[What is being asked]
Reproduce the listing in full. Omit the pictures.

======

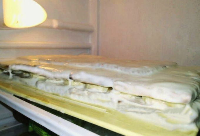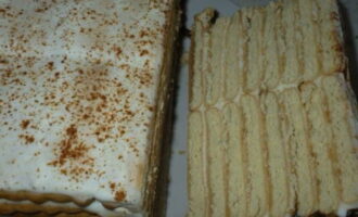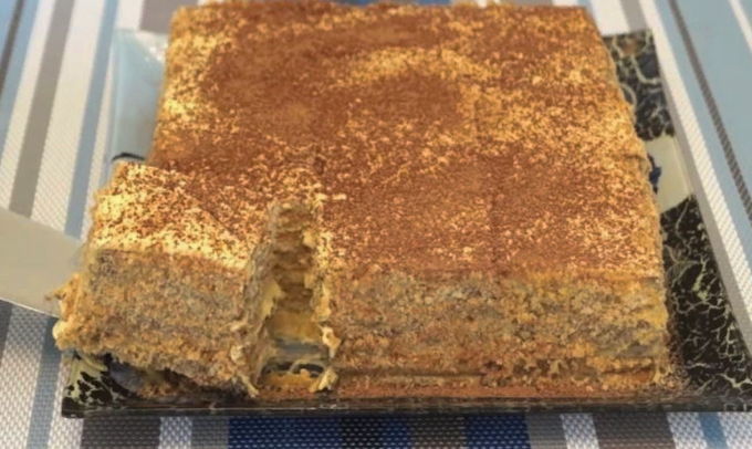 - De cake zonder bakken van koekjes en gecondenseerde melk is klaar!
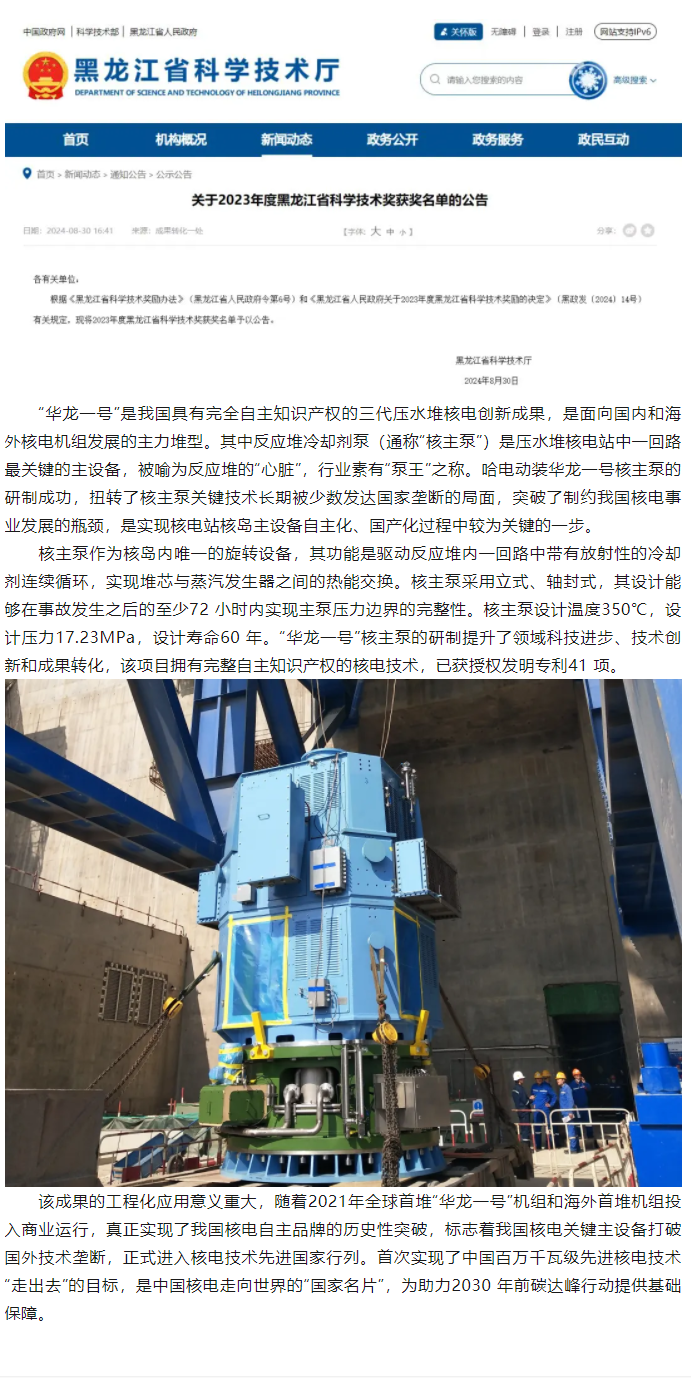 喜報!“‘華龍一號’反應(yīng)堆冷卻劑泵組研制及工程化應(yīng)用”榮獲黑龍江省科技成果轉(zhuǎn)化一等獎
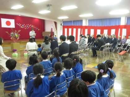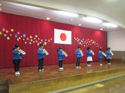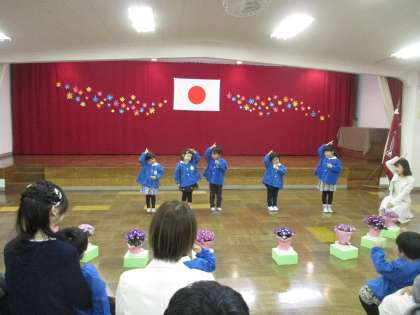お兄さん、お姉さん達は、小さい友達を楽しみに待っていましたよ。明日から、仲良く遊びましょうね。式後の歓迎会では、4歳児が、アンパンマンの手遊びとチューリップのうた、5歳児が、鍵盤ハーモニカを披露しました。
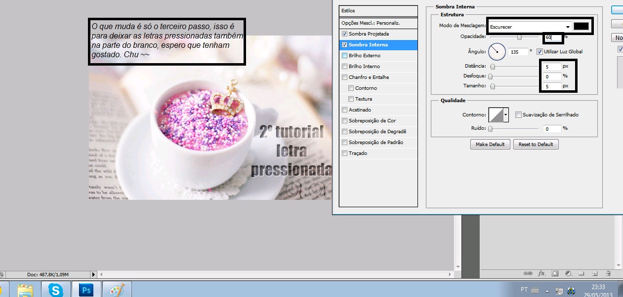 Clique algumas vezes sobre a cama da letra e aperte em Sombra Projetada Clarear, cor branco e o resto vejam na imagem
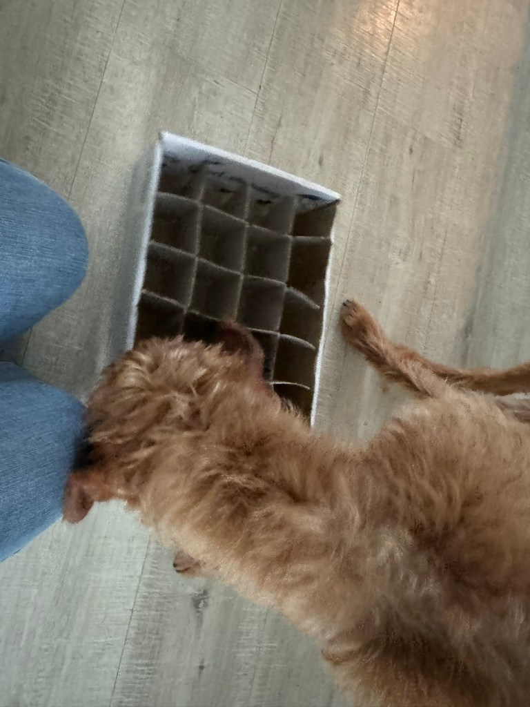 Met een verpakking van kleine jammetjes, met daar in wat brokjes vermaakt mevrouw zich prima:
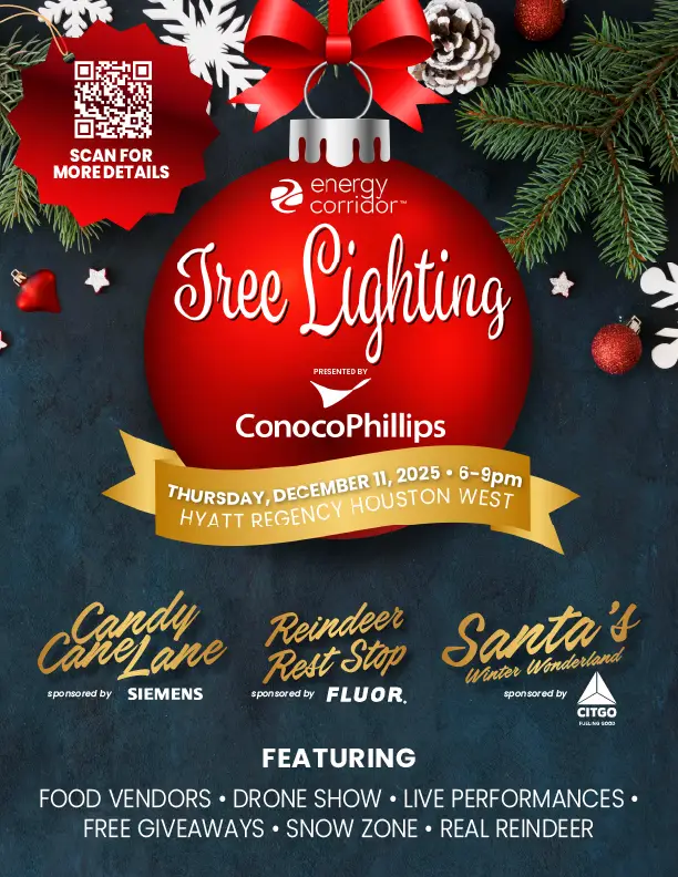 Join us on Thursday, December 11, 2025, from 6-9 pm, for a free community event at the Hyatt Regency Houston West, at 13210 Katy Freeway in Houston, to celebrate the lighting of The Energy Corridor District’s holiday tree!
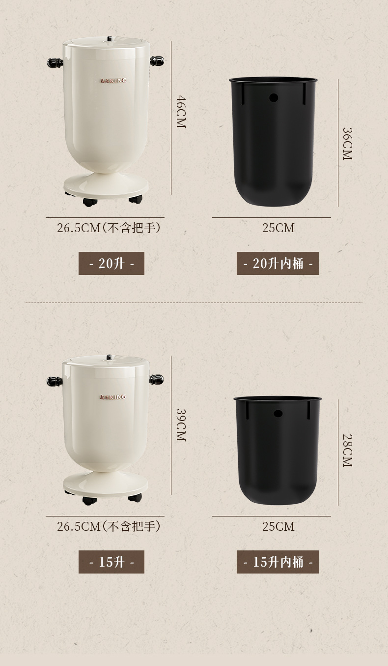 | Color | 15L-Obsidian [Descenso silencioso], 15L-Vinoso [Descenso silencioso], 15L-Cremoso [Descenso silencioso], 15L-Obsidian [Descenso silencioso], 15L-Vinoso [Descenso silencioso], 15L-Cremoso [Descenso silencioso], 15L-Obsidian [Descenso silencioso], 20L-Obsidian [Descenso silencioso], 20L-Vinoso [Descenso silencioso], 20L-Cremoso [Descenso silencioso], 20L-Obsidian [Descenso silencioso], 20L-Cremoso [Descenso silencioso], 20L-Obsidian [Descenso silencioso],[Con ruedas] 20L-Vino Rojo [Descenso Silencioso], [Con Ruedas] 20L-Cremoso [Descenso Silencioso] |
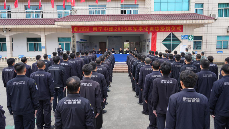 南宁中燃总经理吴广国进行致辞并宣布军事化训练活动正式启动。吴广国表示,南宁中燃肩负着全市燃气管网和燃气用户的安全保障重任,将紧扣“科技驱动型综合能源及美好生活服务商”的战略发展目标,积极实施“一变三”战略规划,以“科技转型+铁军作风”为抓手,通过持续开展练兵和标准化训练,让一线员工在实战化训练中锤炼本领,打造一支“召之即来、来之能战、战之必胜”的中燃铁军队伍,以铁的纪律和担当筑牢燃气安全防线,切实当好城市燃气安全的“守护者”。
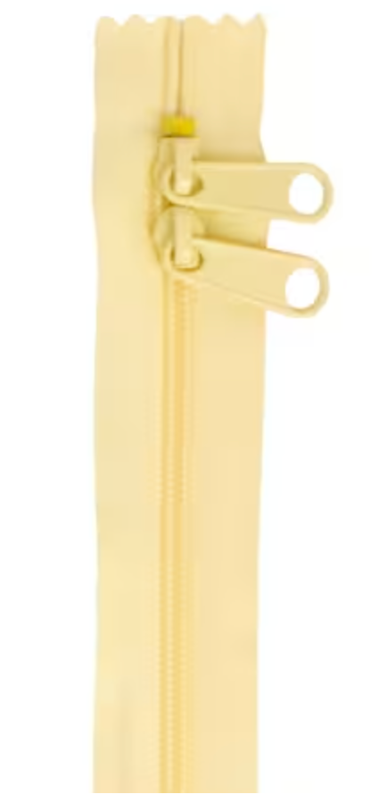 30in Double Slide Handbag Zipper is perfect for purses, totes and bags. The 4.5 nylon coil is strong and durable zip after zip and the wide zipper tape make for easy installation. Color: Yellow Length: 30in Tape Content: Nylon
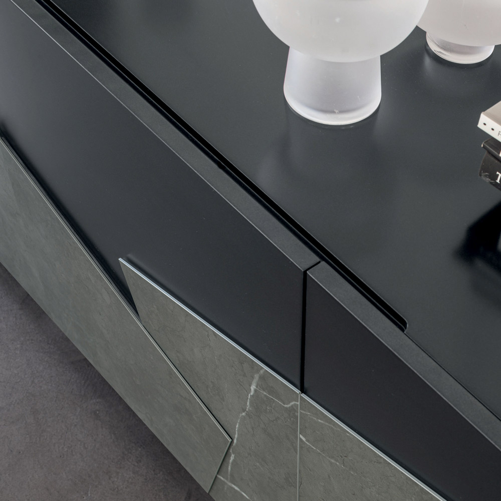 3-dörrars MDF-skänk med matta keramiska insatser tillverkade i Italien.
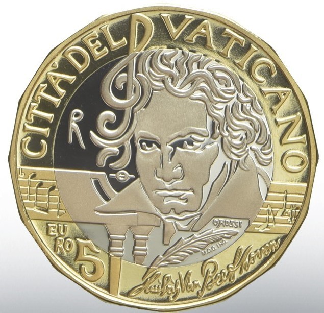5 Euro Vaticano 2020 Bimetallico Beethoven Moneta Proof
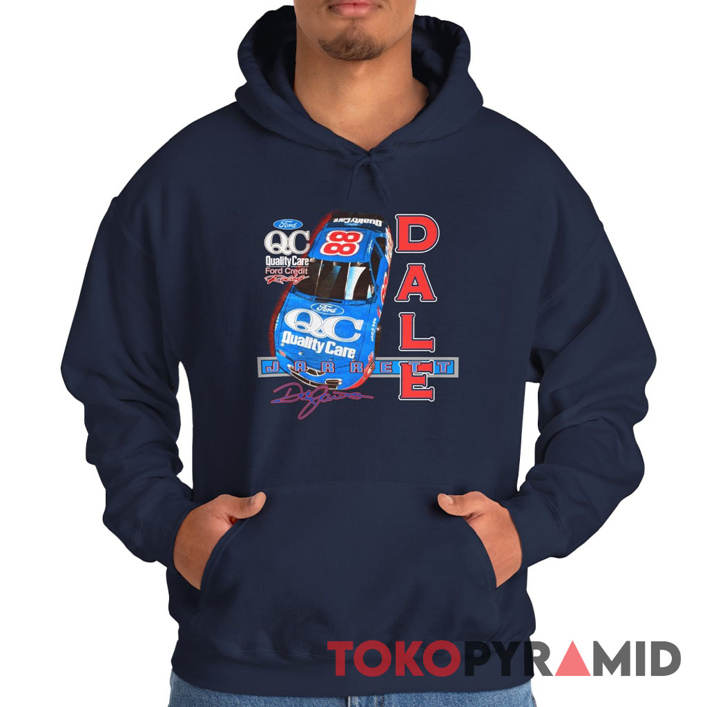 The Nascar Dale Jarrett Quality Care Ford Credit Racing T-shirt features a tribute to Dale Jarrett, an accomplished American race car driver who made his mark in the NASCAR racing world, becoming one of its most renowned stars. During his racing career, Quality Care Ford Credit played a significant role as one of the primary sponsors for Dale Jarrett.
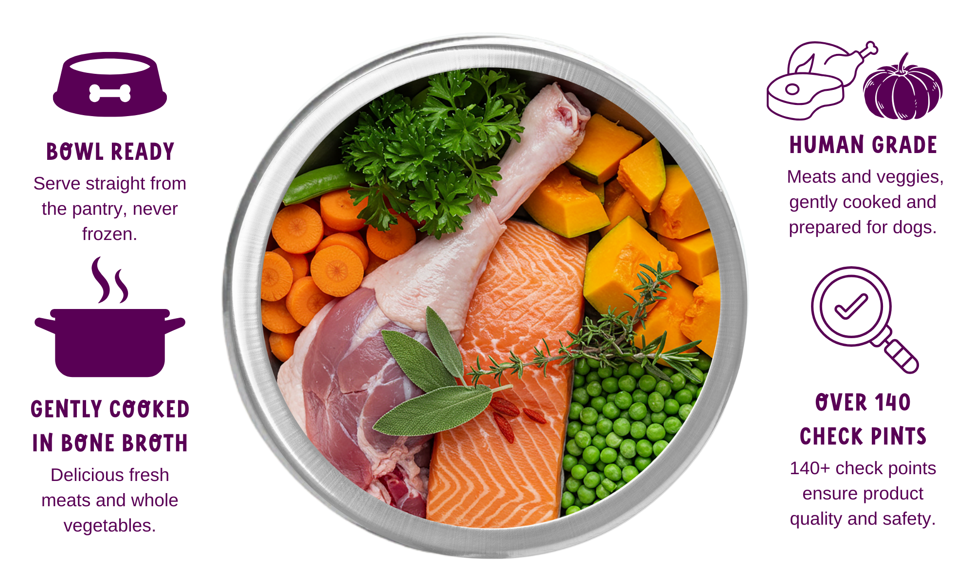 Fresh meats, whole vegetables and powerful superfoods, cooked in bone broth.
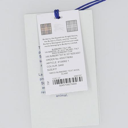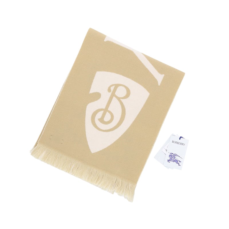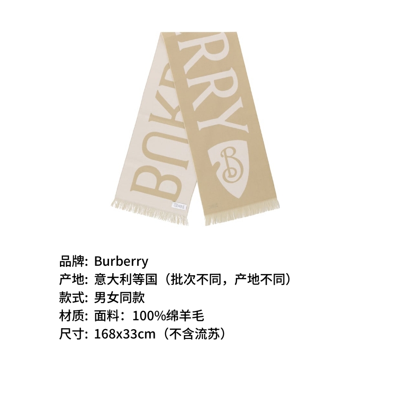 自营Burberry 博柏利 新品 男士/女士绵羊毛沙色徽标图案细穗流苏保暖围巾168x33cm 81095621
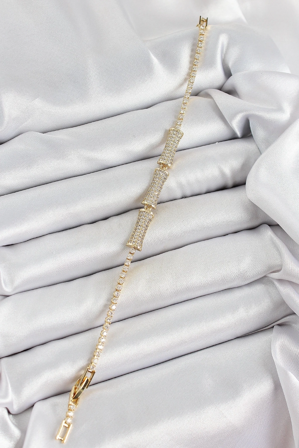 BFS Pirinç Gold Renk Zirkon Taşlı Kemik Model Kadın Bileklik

======

[The answer]
 - De cake zonder bakken van koekjes en gecondenseerde melk is klaar!
 喜報!“‘華龍一號’反應(yīng)堆冷卻劑泵組研制及工程化應(yīng)用”榮獲黑龍江省科技成果轉(zhuǎn)化一等獎
お兄さん、お姉さん達は、小さい友達を楽しみに待っていましたよ。明日から、仲良く遊びましょうね。式後の歓迎会では、4歳児が、アンパンマンの手遊びとチューリップのうた、5歳児が、鍵盤ハーモニカを披露しました。
 Clique algumas vezes sobre a cama da letra e aperte em Sombra Projetada Clarear, cor branco e o resto vejam na imagem
 Met een verpakking van kleine jammetjes, met daar in wat brokjes vermaakt mevrouw zich prima:
 Join us on Thursday, December 11, 2025, from 6-9 pm, for a free community event at the Hyatt Regency Houston West, at 13210 Katy Freeway in Houston, to celebrate the lighting of The Energy Corridor District’s holiday tree!
 | Color | 15L-Obsidian [Descenso silencioso], 15L-Vinoso [Descenso silencioso], 15L-Cremoso [Descenso silencioso], 15L-Obsidian [Descenso silencioso], 15L-Vinoso [Descenso silencioso], 15L-Cremoso [Descenso silencioso], 15L-Obsidian [Descenso silencioso], 20L-Obsidian [Descenso silencioso], 20L-Vinoso [Descenso silencioso], 20L-Cremoso [Descenso silencioso], 20L-Obsidian [Descenso silencioso], 20L-Cremoso [Descenso silencioso], 20L-Obsidian [Descenso silencioso],[Con ruedas] 20L-Vino Rojo [Descenso Silencioso], [Con Ruedas] 20L-Cremoso [Descenso Silencioso] |
 南宁中燃总经理吴广国进行致辞并宣布军事化训练活动正式启动。吴广国表示,南宁中燃肩负着全市燃气管网和燃气用户的安全保障重任,将紧扣“科技驱动型综合能源及美好生活服务商”的战略发展目标,积极实施“一变三”战略规划,以“科技转型+铁军作风”为抓手,通过持续开展练兵和标准化训练,让一线员工在实战化训练中锤炼本领,打造一支“召之即来、来之能战、战之必胜”的中燃铁军队伍,以铁的纪律和担当筑牢燃气安全防线,切实当好城市燃气安全的“守护者”。
 30in Double Slide Handbag Zipper is perfect for purses, totes and bags. The 4.5 nylon coil is strong and durable zip after zip and the wide zipper tape make for easy installation. Color: Yellow Length: 30in Tape Content: Nylon
 3-dörrars MDF-skänk med matta keramiska insatser tillverkade i Italien.
5 Euro Vaticano 2020 Bimetallico Beethoven Moneta Proof
 The Nascar Dale Jarrett Quality Care Ford Credit Racing T-shirt features a tribute to Dale Jarrett, an accomplished American race car driver who made his mark in the NASCAR racing world, becoming one of its most renowned stars. During his racing career, Quality Care Ford Credit played a significant role as one of the primary sponsors for Dale Jarrett.
 Fresh meats, whole vegetables and powerful superfoods, cooked in bone broth.
 自营Burberry 博柏利 新品 男士/女士绵羊毛沙色徽标图案细穗流苏保暖围巾168x33cm 81095621
 BFS Pirinç Gold Renk Zirkon Taşlı Kemik Model Kadın Bileklik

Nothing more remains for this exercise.